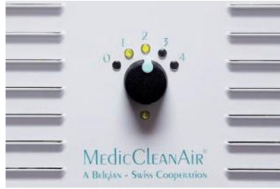
Detail of the standard controls 0 - 1 - 2 - 3 - 4 levels of purification, LED's and filter check LED (green-yellow and red colour)
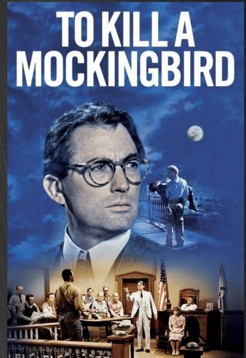
To Kill A Mockingbird
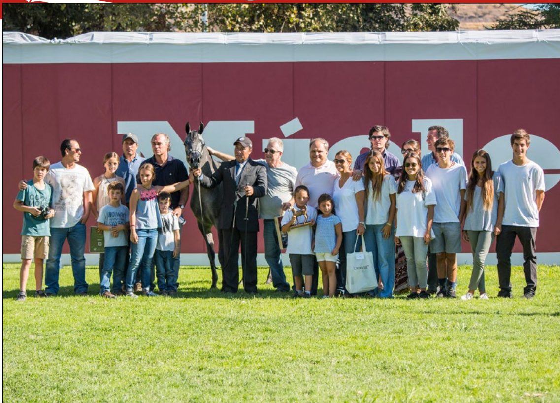
Gold Medal Young Mares - Gloriosa El Power from Haras Panquehue and Aguas Claras
━━━━━━
__EXERCISE OBJECTIVE__: Copy out the whole listing exactly, and don't carry over any pictures.

__OUTPUT FOR THIS TASK__:
Detail of the standard controls 0 - 1 - 2 - 3 - 4 levels of purification, LED's and filter check LED (green-yellow and red colour)
To Kill A Mockingbird
Gold Medal Young Mares - Gloriosa El Power from Haras Panquehue and Aguas Claras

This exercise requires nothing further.